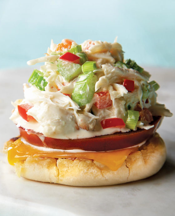 In a large bowl, combine the mayonnaise, lemon juice, salt, and cayenne pepper. Fold in the crab, red pepper, onions, and celery. Place a cheese slice on top of each English muffin half, followed by a tomato slice, followed by a generous scoop of crab salad.
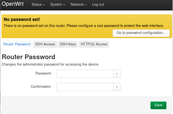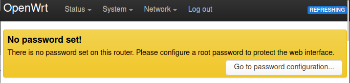 When you go to the router web interface, it was a "No password set!" warning at the top of the page.
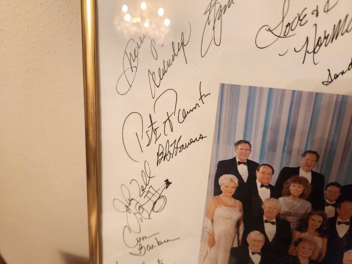 Pete got his big break on the Lawrence Welk Show - this framed photo is from March 2001 and features many of the musicians and singers who were regulars on the show - over 40 original autographs (including Pete's) on the outer margins. 21" x 17" - great condition.

Problem requirements:
From the line containing "When you go" down to the last line of the data above, transcribe exactly those lines and no others; omit the pictures.

Solution:
 When you go to the router web interface, it was a "No password set!" warning at the top of the page.
 Pete got his big break on the Lawrence Welk Show - this framed photo is from March 2001 and features many of the musicians and singers who were regulars on the show - over 40 original autographs (including Pete's) on the outer margins. 21" x 17" - great condition.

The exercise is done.